• [What you have to do]
Up to and including the line that holds "Funcionario de Gendarmeria", copy every line of the records below exactly, starting at the first; leave pictures out.

• [Excerpted records]
[Start of section]
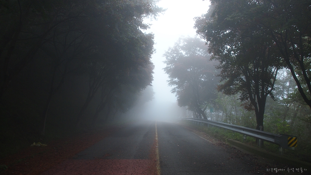 밤머리재 오르는 길에서도 안개 가득이구요.
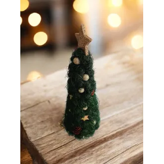 Brad decorativ handmade, 15cm inaltime, acoperit cu fir textil verde inchis, decorat cu globuri si feriga aurie.
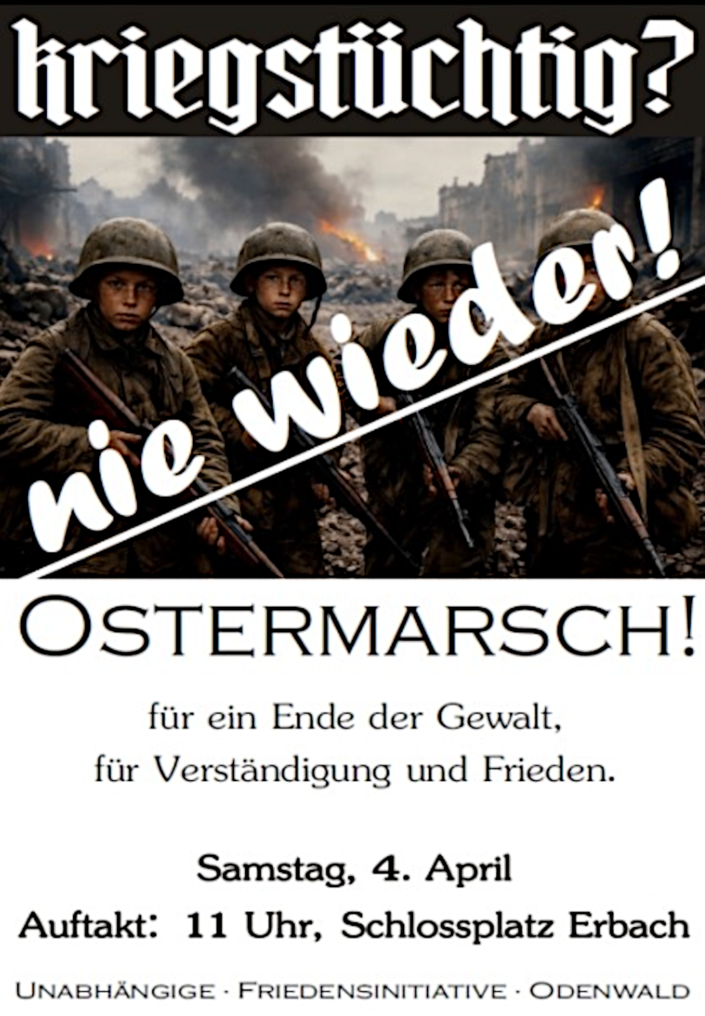 Wir rufen zur Teilnahme an den hessischen Ostermärschen auf. In unserer Region findet am Ostersamstag, den 26. März 2026 der Odenwälder Ostermarsch statt. Die Demonstration beginnt um 11:00 Uhr in Erbach auf dem Schlossplatz und endet gegen 14:30 Uhr in Michelstadt auf dem Lindenplatz. Im Anhang findet ihr die aktuelle Pressemitteilung der Unabhängigen Friedensinitiative Odenwald (UFO).
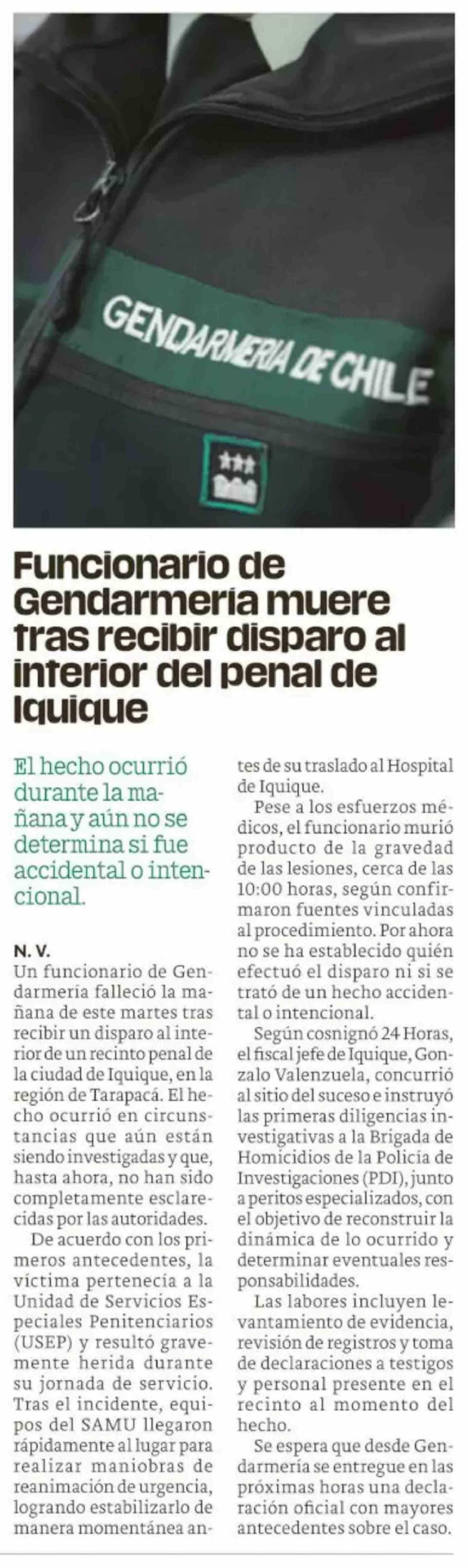 Funcionario de Gendarmeria muere tras recibir disparo al interior del penal de Iquique
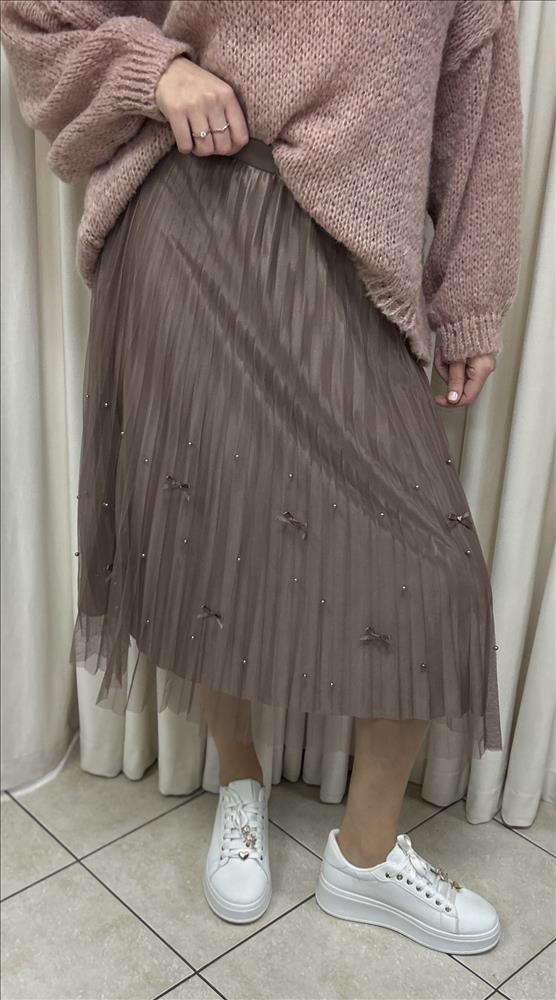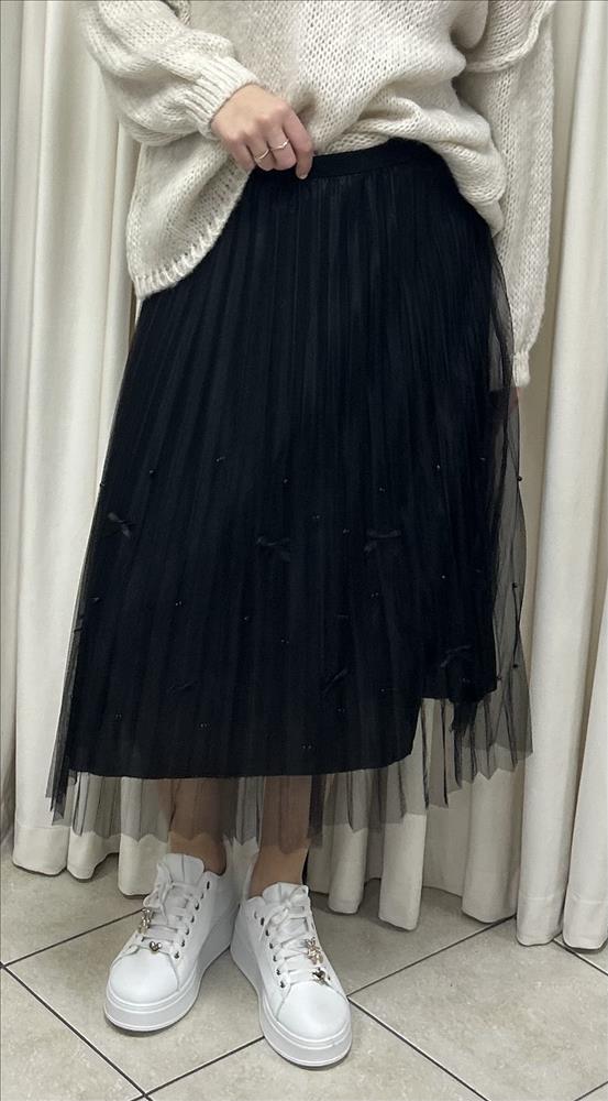 Elegantná a romantická tylová plisovaná sukňa. Sukňa je ušitá z ľahkého, vzdušného tylu s jemnými plisami, ktoré krásne splývajú pri pohybe. Povrch zdobia drobné perličky a mašličky, vďaka ktorým pôsobí žensky a luxusne. Má elastický pás, ktorý sa pohodlne prispôsobí postave, a podšívku, ktorá zaručuje komfort pri nosení. Dĺžka je midi, vhodná na každodenné nosenie aj slávnostnejšie príležitosti. Skvelo sa kombinuje so svetrami, blúzkami aj teniskami či členkovými topánkami.
[End of section]
• [Written solution]
 밤머리재 오르는 길에서도 안개 가득이구요.
 Brad decorativ handmade, 15cm inaltime, acoperit cu fir textil verde inchis, decorat cu globuri si feriga aurie.
 Wir rufen zur Teilnahme an den hessischen Ostermärschen auf. In unserer Region findet am Ostersamstag, den 26. März 2026 der Odenwälder Ostermarsch statt. Die Demonstration beginnt um 11:00 Uhr in Erbach auf dem Schlossplatz und endet gegen 14:30 Uhr in Michelstadt auf dem Lindenplatz. Im Anhang findet ihr die aktuelle Pressemitteilung der Unabhängigen Friedensinitiative Odenwald (UFO).
 Funcionario de Gendarmeria muere tras recibir disparo al interior del penal de Iquique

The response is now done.